## ENTRIES SUPPLIED
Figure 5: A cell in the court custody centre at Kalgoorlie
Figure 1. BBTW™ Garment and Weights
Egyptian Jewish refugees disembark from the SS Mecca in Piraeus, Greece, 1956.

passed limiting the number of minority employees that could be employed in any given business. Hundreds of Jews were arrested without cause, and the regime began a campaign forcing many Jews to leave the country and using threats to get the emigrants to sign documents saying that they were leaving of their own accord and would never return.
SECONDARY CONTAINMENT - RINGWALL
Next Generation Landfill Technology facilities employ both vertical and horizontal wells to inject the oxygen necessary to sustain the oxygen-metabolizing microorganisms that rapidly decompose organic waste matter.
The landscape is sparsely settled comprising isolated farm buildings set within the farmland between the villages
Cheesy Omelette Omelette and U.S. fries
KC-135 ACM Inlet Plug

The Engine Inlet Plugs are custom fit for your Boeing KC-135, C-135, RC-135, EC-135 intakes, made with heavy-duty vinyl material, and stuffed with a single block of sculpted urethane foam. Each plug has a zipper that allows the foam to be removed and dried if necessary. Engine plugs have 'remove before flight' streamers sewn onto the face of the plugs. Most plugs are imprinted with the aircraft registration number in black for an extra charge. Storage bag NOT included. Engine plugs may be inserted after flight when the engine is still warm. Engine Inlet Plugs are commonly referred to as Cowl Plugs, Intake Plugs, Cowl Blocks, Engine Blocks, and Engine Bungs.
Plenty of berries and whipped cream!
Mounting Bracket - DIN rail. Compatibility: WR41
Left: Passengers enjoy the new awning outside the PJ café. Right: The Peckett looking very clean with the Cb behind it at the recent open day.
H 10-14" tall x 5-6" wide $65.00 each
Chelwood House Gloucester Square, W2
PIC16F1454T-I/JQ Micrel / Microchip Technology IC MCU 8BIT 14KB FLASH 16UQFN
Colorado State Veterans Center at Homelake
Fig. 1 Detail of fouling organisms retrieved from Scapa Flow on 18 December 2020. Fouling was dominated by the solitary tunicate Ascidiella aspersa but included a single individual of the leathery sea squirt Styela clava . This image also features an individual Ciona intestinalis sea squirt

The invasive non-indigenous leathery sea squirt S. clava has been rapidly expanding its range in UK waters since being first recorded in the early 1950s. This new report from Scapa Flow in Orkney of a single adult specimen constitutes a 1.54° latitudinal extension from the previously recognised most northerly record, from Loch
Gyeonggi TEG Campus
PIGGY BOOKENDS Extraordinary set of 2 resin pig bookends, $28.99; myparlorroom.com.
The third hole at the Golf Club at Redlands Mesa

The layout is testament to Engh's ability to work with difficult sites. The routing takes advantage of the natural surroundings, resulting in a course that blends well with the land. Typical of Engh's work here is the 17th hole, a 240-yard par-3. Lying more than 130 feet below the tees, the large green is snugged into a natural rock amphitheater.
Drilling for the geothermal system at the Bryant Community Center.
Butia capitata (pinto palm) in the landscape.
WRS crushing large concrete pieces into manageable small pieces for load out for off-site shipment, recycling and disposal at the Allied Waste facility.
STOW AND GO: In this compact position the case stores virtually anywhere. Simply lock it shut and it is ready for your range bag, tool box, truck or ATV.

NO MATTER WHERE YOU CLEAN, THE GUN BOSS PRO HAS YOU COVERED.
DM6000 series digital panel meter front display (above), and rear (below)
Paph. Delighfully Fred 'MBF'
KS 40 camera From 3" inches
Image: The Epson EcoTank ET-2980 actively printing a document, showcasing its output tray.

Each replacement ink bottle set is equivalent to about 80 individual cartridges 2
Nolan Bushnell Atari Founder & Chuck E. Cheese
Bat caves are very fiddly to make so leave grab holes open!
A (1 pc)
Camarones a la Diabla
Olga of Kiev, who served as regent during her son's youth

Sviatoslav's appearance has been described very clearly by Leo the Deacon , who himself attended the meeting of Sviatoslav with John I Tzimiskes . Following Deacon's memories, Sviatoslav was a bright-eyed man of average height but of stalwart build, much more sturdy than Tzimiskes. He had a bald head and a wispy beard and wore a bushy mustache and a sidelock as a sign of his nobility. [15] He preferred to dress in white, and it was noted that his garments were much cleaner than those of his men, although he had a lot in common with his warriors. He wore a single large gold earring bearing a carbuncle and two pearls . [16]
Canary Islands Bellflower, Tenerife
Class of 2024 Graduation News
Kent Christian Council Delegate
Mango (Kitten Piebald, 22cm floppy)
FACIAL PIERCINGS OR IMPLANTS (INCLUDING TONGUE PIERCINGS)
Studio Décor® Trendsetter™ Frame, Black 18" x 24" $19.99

## PROBLEM TO WORK ON
Some lines in the material contain "Technology". Show all of them.

## ANSWER TO THIS PROBLEM
Next Generation Landfill Technology facilities employ both vertical and horizontal wells to inject the oxygen necessary to sustain the oxygen-metabolizing microorganisms that rapidly decompose organic waste matter.
PIC16F1454T-I/JQ Micrel / Microchip Technology IC MCU 8BIT 14KB FLASH 16UQFN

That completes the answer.